Suppose I have 1000 unvested stock options of my company. I am vesting these shares every month and all these 1000 shares will be vested by year end.
These shares are ISO option priced at $1. The FMV is $20 now and I expect the stock price to be $30 by the year end.
I am planning to exercise these unvested options right now with the goal to sell before year end. This way I will not incur any AMT income of $19,000 (1000 * (20-1)). And I will get short term gains of $10,000 (1000* (30-20)) (that I can use to offset against my previous stock losses).

Now what happens if I need to terminate my employment with the company for some reason. If this happens then I have exercised 1000 options but since these are unvested, I will never be able to sell them.
Do I still incur an AMT income of $19000 on these stocks.

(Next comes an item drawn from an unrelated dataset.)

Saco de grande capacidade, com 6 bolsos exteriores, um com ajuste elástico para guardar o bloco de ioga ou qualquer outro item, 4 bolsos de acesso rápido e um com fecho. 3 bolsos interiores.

Please note that these stocks never became mine because they remained unvested.

Will really appreciate if somebody can answer my question. Thanks so much for all the help.


How can you possibly exercise an unvested option? My understanding is that an option needs to vest before you can exercise it i.e. buy the underlying interest.

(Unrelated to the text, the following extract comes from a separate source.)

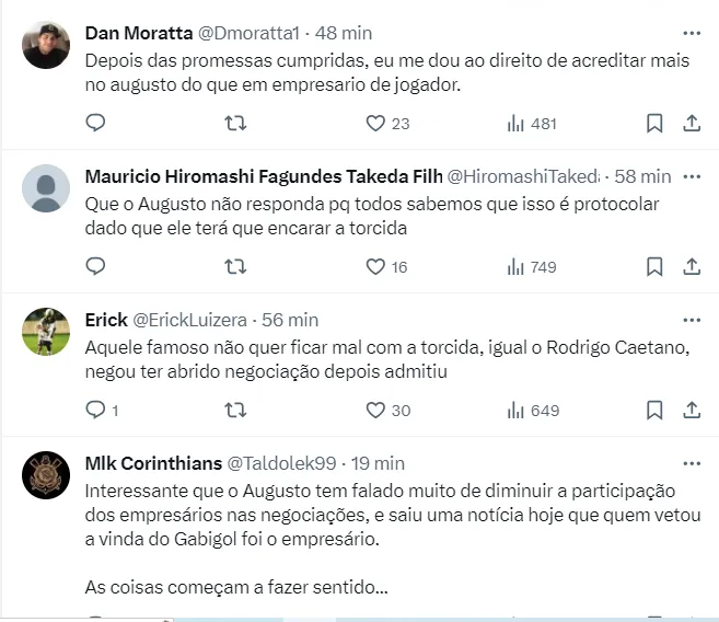 Além disso, Augusto Melo não garantiu que o Corinthians irá negociar com Gabigol no meio do ano: “Vai depender de como estivermos no meio do ano, espero que bem. Todo bom atleta que tenha nossas características vai interessar. É isso que queremos. Vamos estar sempre de olho no mercado”, declarou.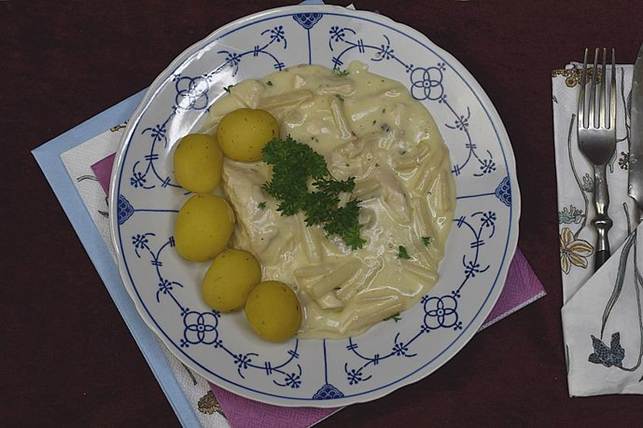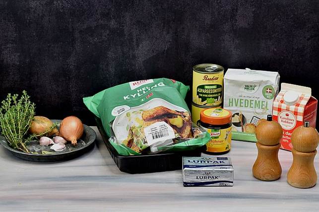 Her er en opskrift på Høns i asparges. God gammeldags mad,

Some companies allow you to exercise unvested options, its called early exercise and individual needs to file 83b to notify IRS.

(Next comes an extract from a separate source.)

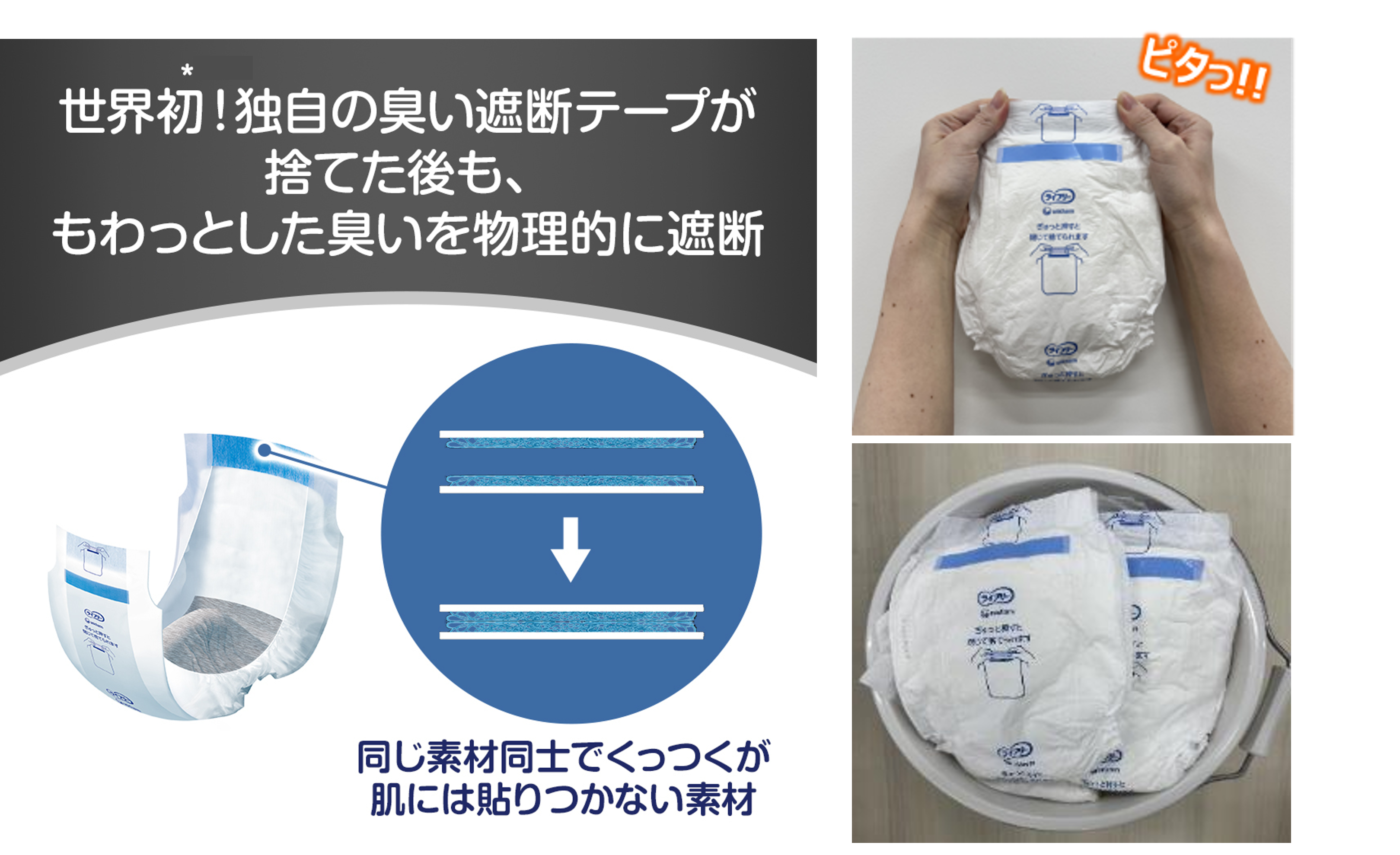 内側のテープが2つ折りのままピタッと密着し、ごみ箱などへの廃棄後もニオイの広がりを防ぎます。

Why would you possibly want to do this though? Especially if you are planning to sell before year end?


You'd generally want to do it so you increase the time you've held the stock and, assuming it goes up, to maximize the portion you pay capital gains on versus the "amt amount" which is taxed higher.

To address the original question though, if you have purchased shares and you quit the company, the company must generally buy them back within a certain time period (30 days I would assume) or you own them. It should all be in the agreement you signed.

But, I'm not a lawyer.


What company do you work for? Don't tease by telling us you're trading at $20 now, and plan to be at $30 by year end!


I'm not sure why you would want to exercise right now. It sounds as if you are planning on selling by year end (2004). If so, the gain will be short term and holding period really doesn't matter.

By exercising now, you assume more risk. Yes the stock may go up but it may also go down. Why not consider waiting to exercise when you are ready to sell? At that point, you know what the gain is. If something bad happens and the stock slides, your not out anything.